Do I have to derive every Maclaurin series from scratch?

No — know the five standard ones (eˣ, sin x, cos x, ln(1+x), and the geometric series 1/(1−x)) cold, then build new series by substituting, differentiating or integrating them. For example, the series for e^(x²) comes from substituting x² into the eˣ series, not from differentiating e^(x²) repeatedly.

How do I bound the error of a Taylor approximation?

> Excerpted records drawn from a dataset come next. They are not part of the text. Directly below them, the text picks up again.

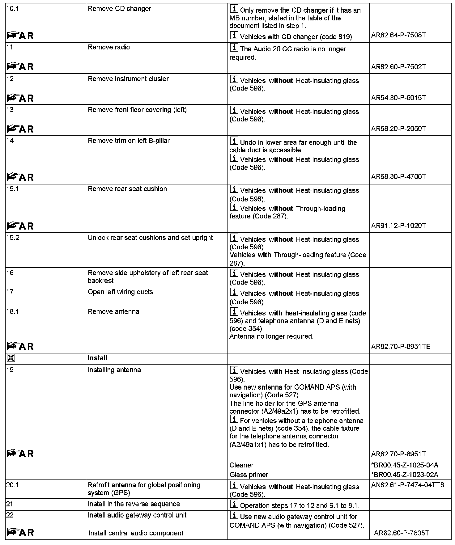 - Vehicles up to model year 2003 (code 803) with Audio 20 CD radio
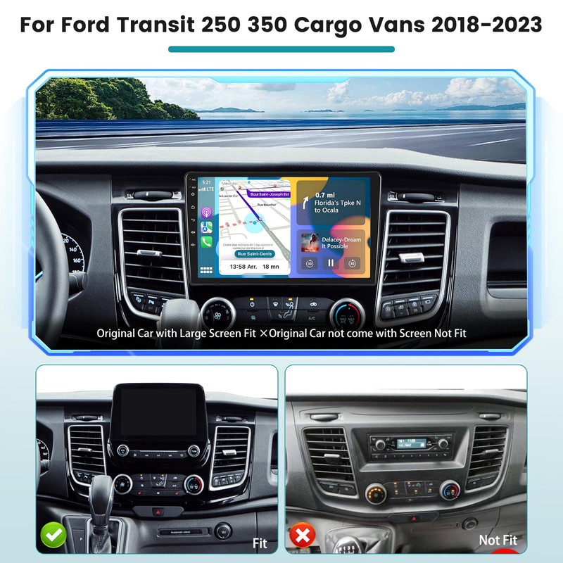 - Applicable Models and Years: This Android Car Stereo Fit for Ford Transit 250 350 Cargo Vans 2018 2019 2020 2021 2022 2023, Comes With Plug and Play Cable. Designed to match the factory dashboard without modification or splicing. Please send us your car's model, produce year and a car dashboard picture by Amazon chat, we will help you to check if this car stereo is suitable for your car
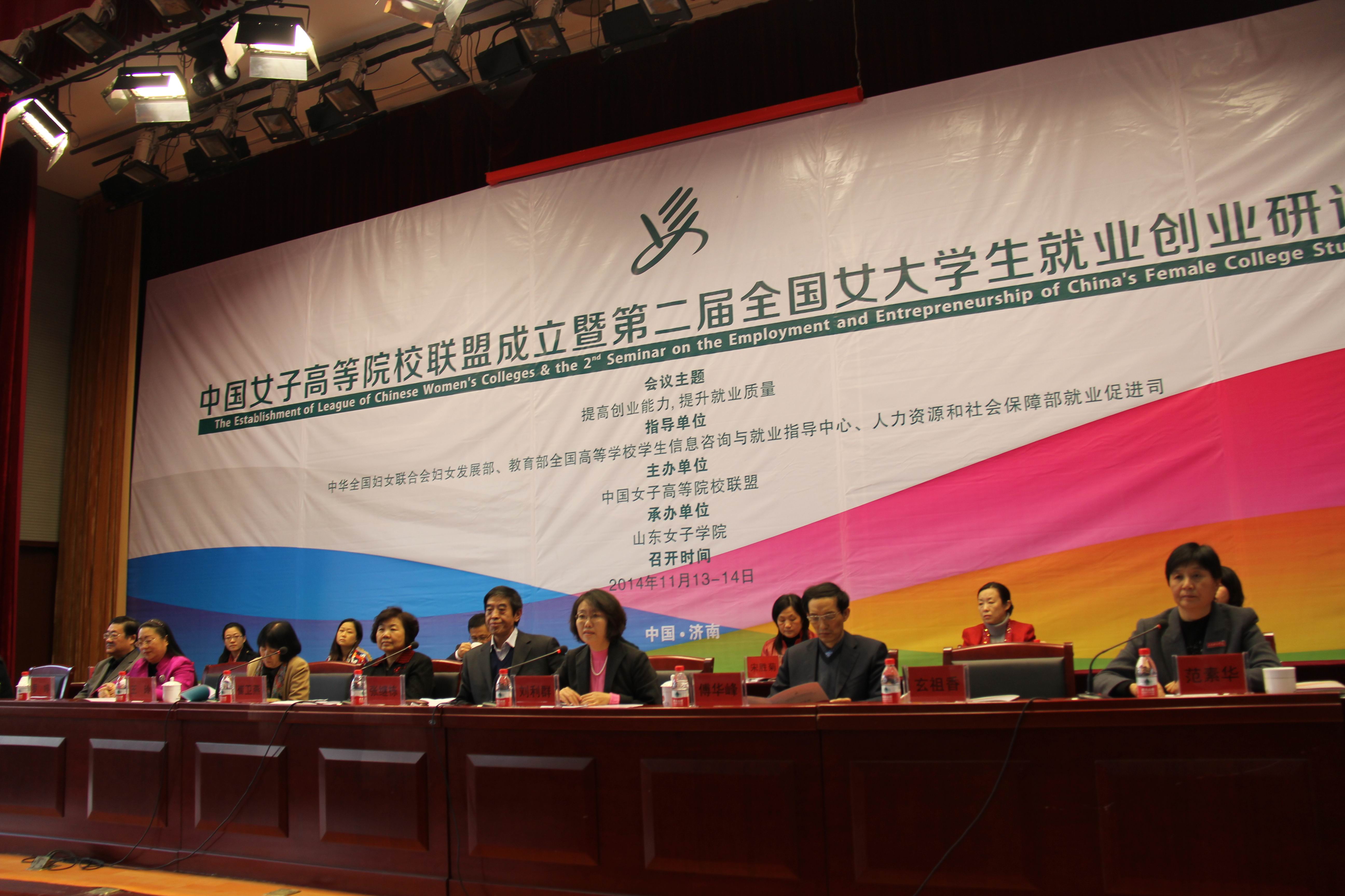 全国妇联妇女发展部部长崔卫燕、教育部全国高等学校学生信息咨询与就业指导中心副主任张继栋出席联盟成立大会并讲话,对联盟成立表示热烈祝贺。崔卫燕在讲话中指出,女子院校既是女性高等教育的探索者、实践者,也是推动妇女事业发展的重要骨干力量。三所女子高等院校顺应教育综合改革的大势,发起成立中国女子高等院校联盟,充分体现了改革的意识、创新的勇气、引领先进性别文化的责任担当,必将加快推进女性人才培养模式的改革,进一步推进女大学生就业创业理论和实践创新,进一步提升女子院校的社会影响力。
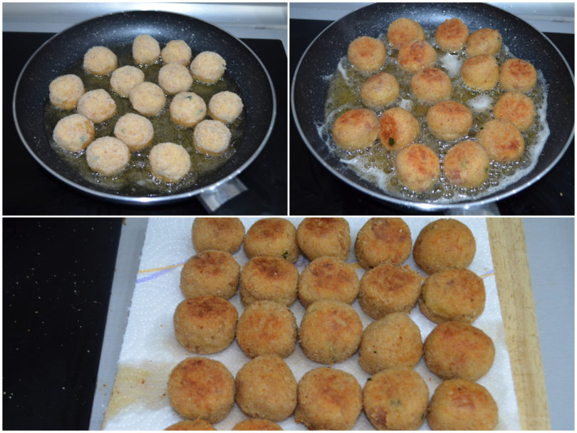 Scaldate l'olio in una padella ampia e iniziate la cottura, girando le polpette per farle dorare in maniera uniforme.
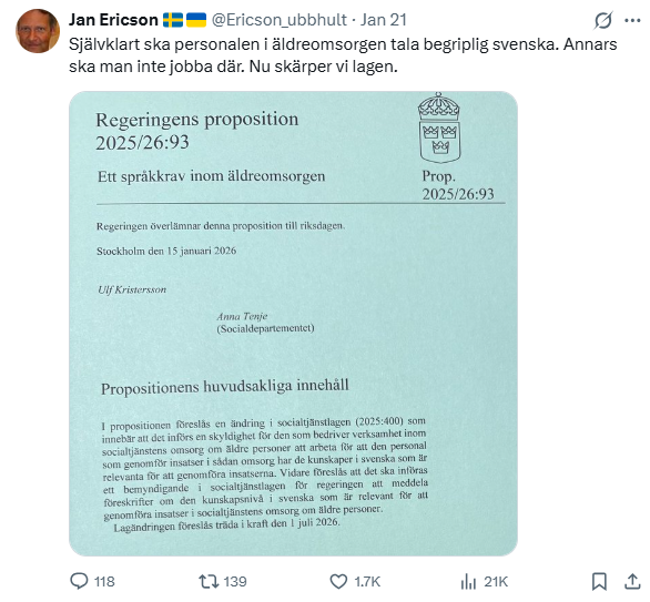 * Den 1 juli införs språkkrav inom äldreomsorgen, för att äldre ska kunna förstå och göra sig förstådda. Det handlar även om medicinsk säkerhet. Språket spelar också en viktig roll för en god arbetsmiljö för alla som arbetar i äldreomsorgen – för att personalen ska kunna trivas, samtala och känna en gemenskap utan missförstånd och frustration.
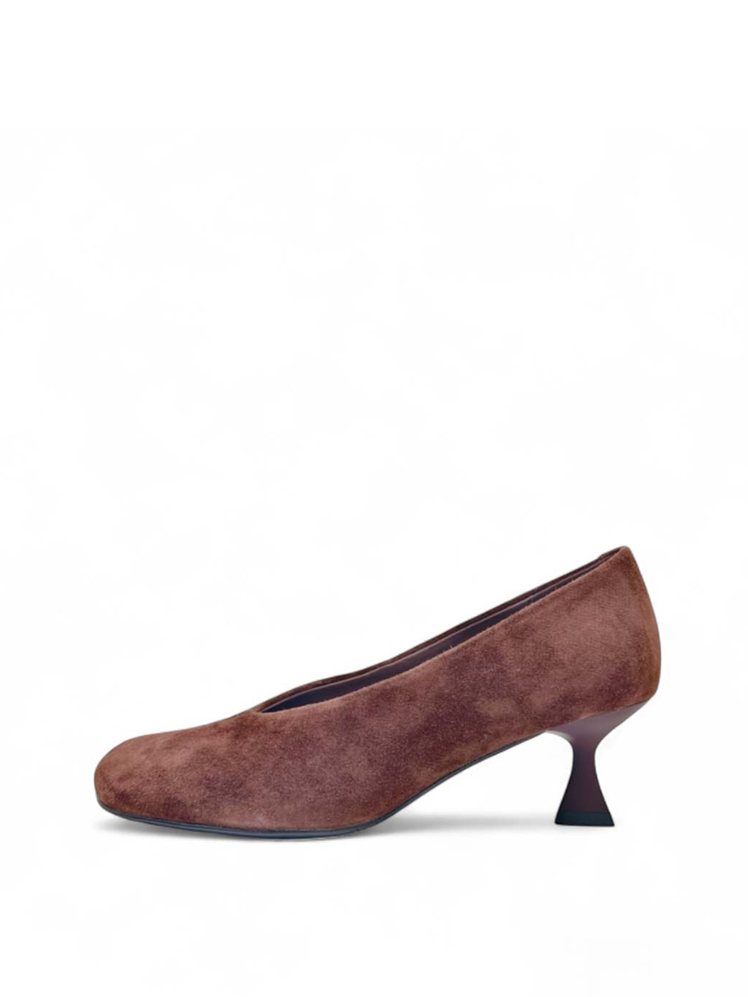 Замшевые туфли с каблуком-рюмочкой и квадратным мыском.
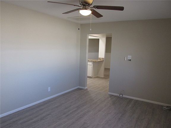 Wonderfully refresh home with new roof, flooring, painted inside & out, new water heater, new bath remodel, new granite countertops, dual pain windows. This is such a cute place, there is a screened in front porch with a big carport to the side. Nice sized kitchen with ample counterspace, gas stove, and pass through to the dining area, big laundry room off the kitchen with extra cabinets and plenty of room for freezers or extra refrigerator or storage. Good sized living room with ceiling fan, two linen closets. Nice big back yard fully fenced and 2 huge shop or storage buildings. Owner/Agent.

Use the Lagrange remainder: the error after the degree-n polynomial is one extra term, f^(n+1)(c)(x−a)^(n+1)/(n+1)!, for some c between the centre and x. You don't know c, so bound |f^(n+1)| by its maximum on the interval and compute the worst-case size. The (x−a)^(n+1) factor is why errors shrink fast near the centre.

Study strategy

Exam move

Treat this as a Taylor chapter, not a convergence-test marathon. Memorise the five standard Maclaurin series and the geometric closed form a/(1 − r), and practise building new series by substitution/differentiation/integration rather than deriving from the definition. For convergence questions, identify a and r for geometric sums and apply the p-test for the integral bookend. When asked for an estimate, write the polynomial, substitute, and quote the Lagrange remainder for the error bound — the marks split between the approximation and the justified error. Keep arithmetic exact where the question allows (fractions, factorials).